#### Data shown:
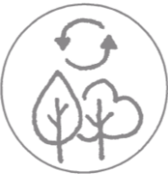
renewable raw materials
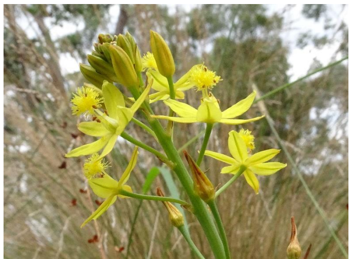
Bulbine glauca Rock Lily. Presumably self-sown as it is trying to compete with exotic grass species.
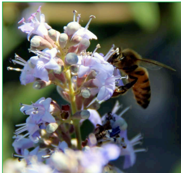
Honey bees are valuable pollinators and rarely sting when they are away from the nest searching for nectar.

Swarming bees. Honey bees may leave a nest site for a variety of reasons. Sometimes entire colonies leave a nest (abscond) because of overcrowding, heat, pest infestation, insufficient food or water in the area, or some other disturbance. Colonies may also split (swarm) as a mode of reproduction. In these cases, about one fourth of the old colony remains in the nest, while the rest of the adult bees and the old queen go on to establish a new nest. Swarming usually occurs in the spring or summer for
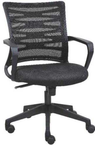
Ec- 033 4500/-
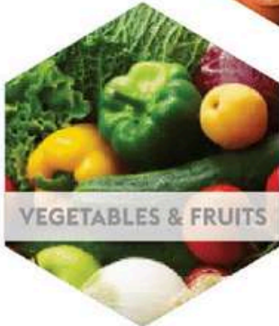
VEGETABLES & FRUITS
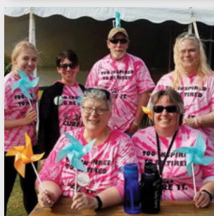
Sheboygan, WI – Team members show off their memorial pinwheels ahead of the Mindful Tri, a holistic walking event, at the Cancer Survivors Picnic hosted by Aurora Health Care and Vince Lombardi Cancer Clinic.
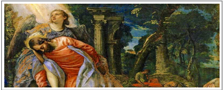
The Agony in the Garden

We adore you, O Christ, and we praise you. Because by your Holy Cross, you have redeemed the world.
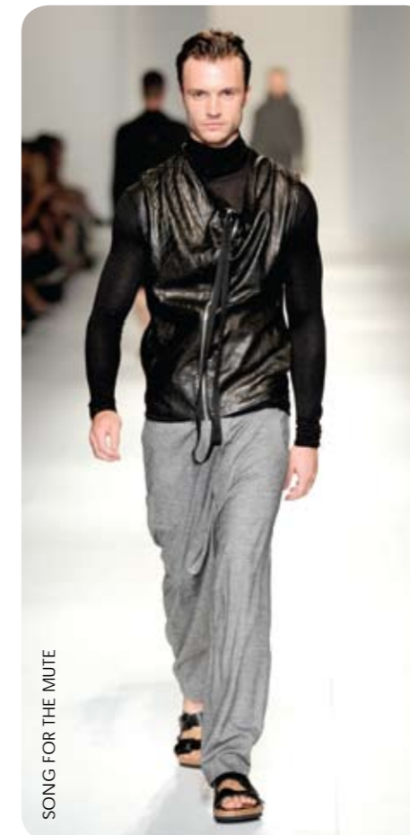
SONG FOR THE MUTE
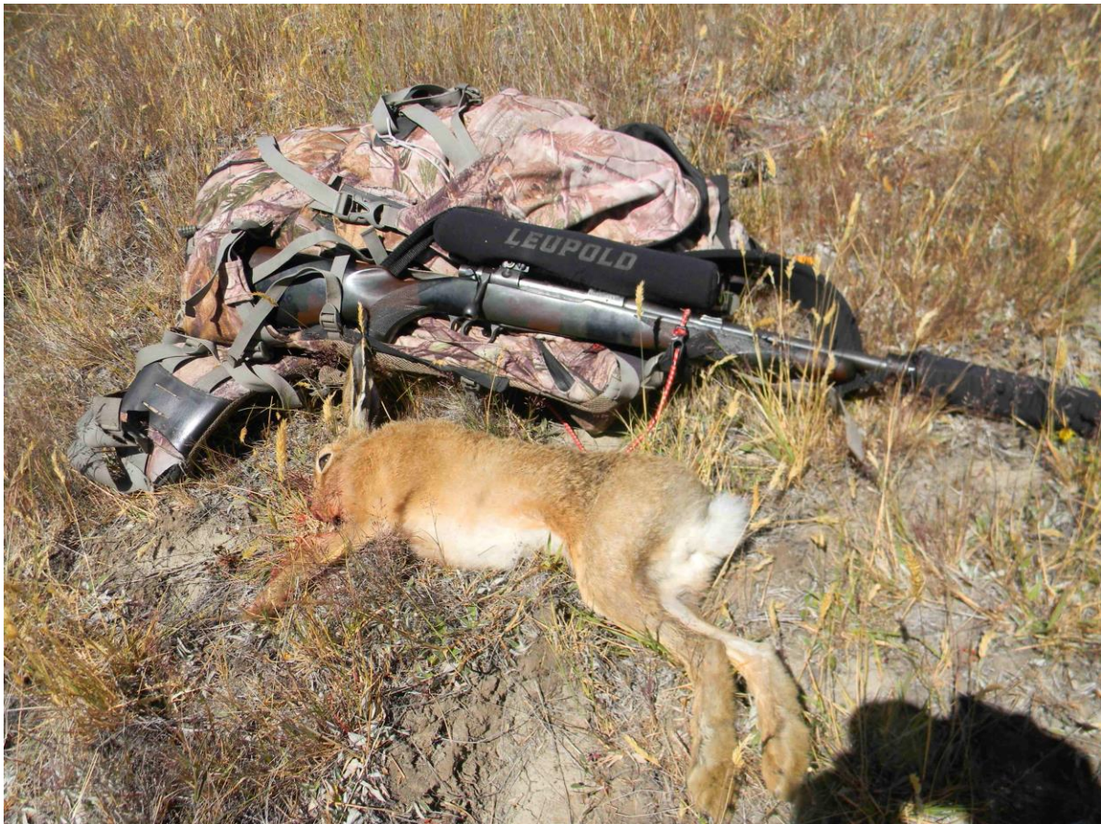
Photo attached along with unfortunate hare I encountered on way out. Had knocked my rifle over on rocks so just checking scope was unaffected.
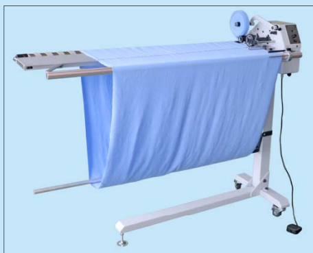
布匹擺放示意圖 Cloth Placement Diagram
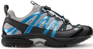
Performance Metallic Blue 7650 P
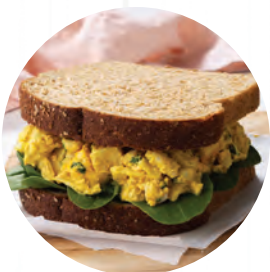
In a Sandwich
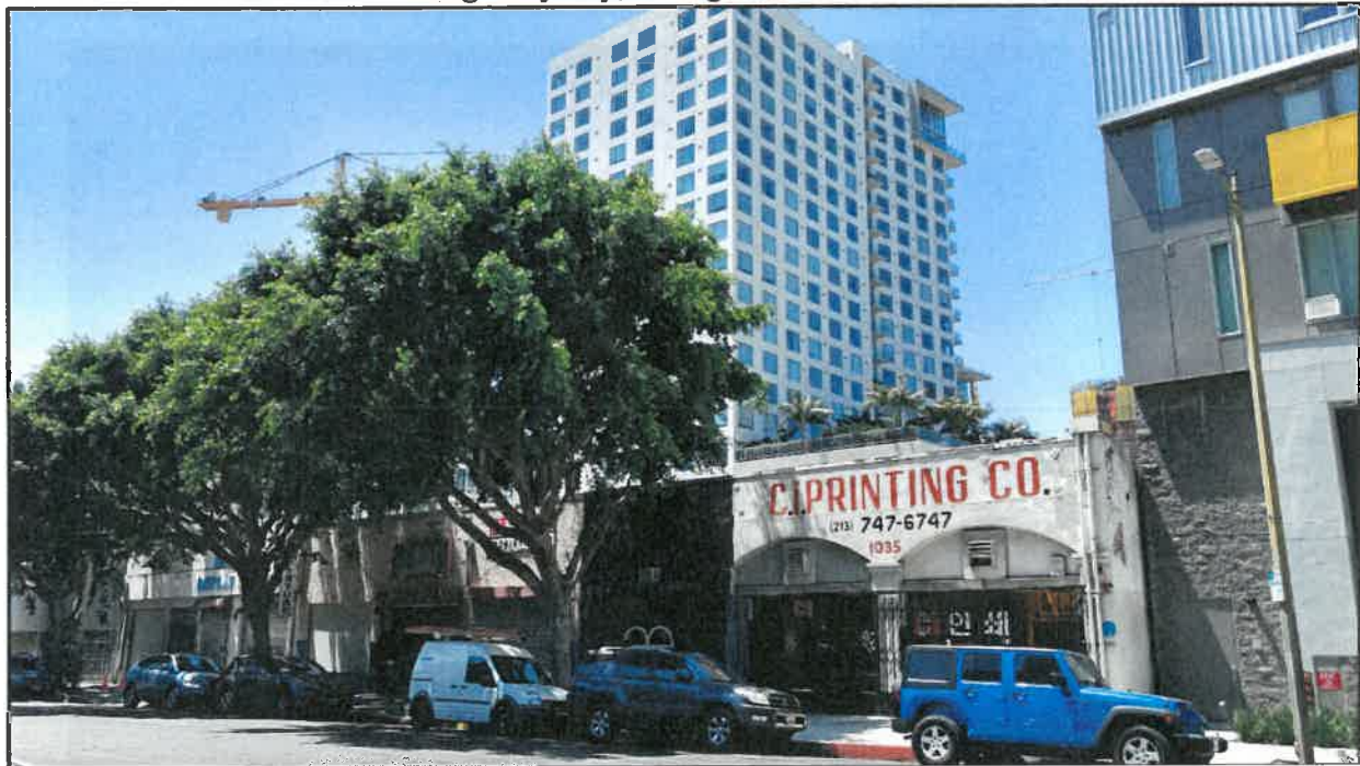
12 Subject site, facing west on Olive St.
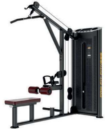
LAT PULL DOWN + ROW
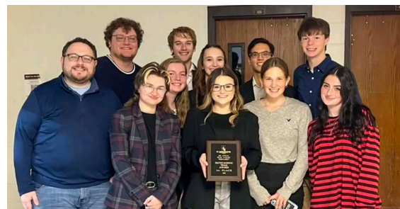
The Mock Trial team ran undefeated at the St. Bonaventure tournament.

#### Task to complete:
Transcribe the listing exactly, skipping pictures.

#### Result below:
renewable raw materials
Bulbine glauca Rock Lily. Presumably self-sown as it is trying to compete with exotic grass species.
Honey bees are valuable pollinators and rarely sting when they are away from the nest searching for nectar.

Swarming bees. Honey bees may leave a nest site for a variety of reasons. Sometimes entire colonies leave a nest (abscond) because of overcrowding, heat, pest infestation, insufficient food or water in the area, or some other disturbance. Colonies may also split (swarm) as a mode of reproduction. In these cases, about one fourth of the old colony remains in the nest, while the rest of the adult bees and the old queen go on to establish a new nest. Swarming usually occurs in the spring or summer for
Ec- 033 4500/-
VEGETABLES & FRUITS
Sheboygan, WI – Team members show off their memorial pinwheels ahead of the Mindful Tri, a holistic walking event, at the Cancer Survivors Picnic hosted by Aurora Health Care and Vince Lombardi Cancer Clinic.
The Agony in the Garden

We adore you, O Christ, and we praise you. Because by your Holy Cross, you have redeemed the world.
SONG FOR THE MUTE
Photo attached along with unfortunate hare I encountered on way out. Had knocked my rifle over on rocks so just checking scope was unaffected.
布匹擺放示意圖 Cloth Placement Diagram
Performance Metallic Blue 7650 P
In a Sandwich
12 Subject site, facing west on Olive St.
LAT PULL DOWN + ROW
The Mock Trial team ran undefeated at the St. Bonaventure tournament.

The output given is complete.